**ASSIGNMENT:** Skip every image and restate the data word for word.

**AVAILABLE DATA:**
=======

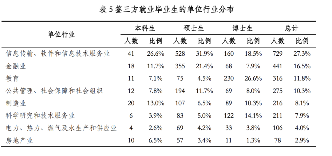 2019 年,在北大所有签订三方协议就业的毕业生中,83.13% 的毕业生签约就业集中在教育、金融业、公共管理、 信息传输、科学研究和技术服务等行业。
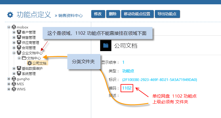 Mobox文檔中心定義 – 1101 及 1102 功能點 注意 2023/09/13 分類:產(chǎn)品中心 實施方案 750 mobox文檔中心可以掛接 1、單位網(wǎng)盤? ? ? ?(1102 功能點) 2、部門網(wǎng)盤? ? ? ?(1102 功能點) 在設置的Mobox文檔中心的時候,功能點不能直接掛到領域下面,而必須在領域下面先建立分類文件夾,之后才能掛接這2個功能點。 若直接掛到領域下面,會出現(xiàn) 而需要改成下圖發(fā)設置方法 標簽:方案 上一篇: 低代碼平臺關于數(shù)據(jù)對象定版后權(quán)限控制 下一篇: 關于Gungho及Mobox的授權(quán)(臨時授權(quán)部分)
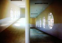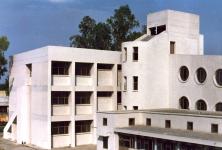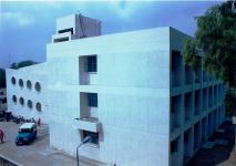 The massive and elongated structure of the ramp has been placed perpendicular to the main block and thus does not block the view, light and ventilation in the hospital. In plan it occupies the only available space adjacent to one flange of the existing OPD. Headroom space available underneath the ramp has been purposefully used as a link passage between the old and the new building. Entry to the new block has been made conspicuous by the juxtaposition of ramp, which cuts off unpleasant view of old structures in the background. The plastic and sculpturesque form of the staircase and ramp together with circular fenestration balances the simple cubical structure of the main block. The upgraded hospital complex is a pleasant blend of form and function as well as tradition and modernity. It portrays architects resolve that scarcity breeds innovation and constraint breeds peculiarity.

=======

**WRITTEN RESPONSE:**
 2019 年,在北大所有签订三方协议就业的毕业生中,83.13% 的毕业生签约就业集中在教育、金融业、公共管理、 信息传输、科学研究和技术服务等行业。
 Mobox文檔中心定義 – 1101 及 1102 功能點 注意 2023/09/13 分類:產(chǎn)品中心 實施方案 750 mobox文檔中心可以掛接 1、單位網(wǎng)盤? ? ? ?(1102 功能點) 2、部門網(wǎng)盤? ? ? ?(1102 功能點) 在設置的Mobox文檔中心的時候,功能點不能直接掛到領域下面,而必須在領域下面先建立分類文件夾,之后才能掛接這2個功能點。 若直接掛到領域下面,會出現(xiàn) 而需要改成下圖發(fā)設置方法 標簽:方案 上一篇: 低代碼平臺關于數(shù)據(jù)對象定版后權(quán)限控制 下一篇: 關于Gungho及Mobox的授權(quán)(臨時授權(quán)部分)
 The massive and elongated structure of the ramp has been placed perpendicular to the main block and thus does not block the view, light and ventilation in the hospital. In plan it occupies the only available space adjacent to one flange of the existing OPD. Headroom space available underneath the ramp has been purposefully used as a link passage between the old and the new building. Entry to the new block has been made conspicuous by the juxtaposition of ramp, which cuts off unpleasant view of old structures in the background. The plastic and sculpturesque form of the staircase and ramp together with circular fenestration balances the simple cubical structure of the main block. The upgraded hospital complex is a pleasant blend of form and function as well as tradition and modernity. It portrays architects resolve that scarcity breeds innovation and constraint breeds peculiarity.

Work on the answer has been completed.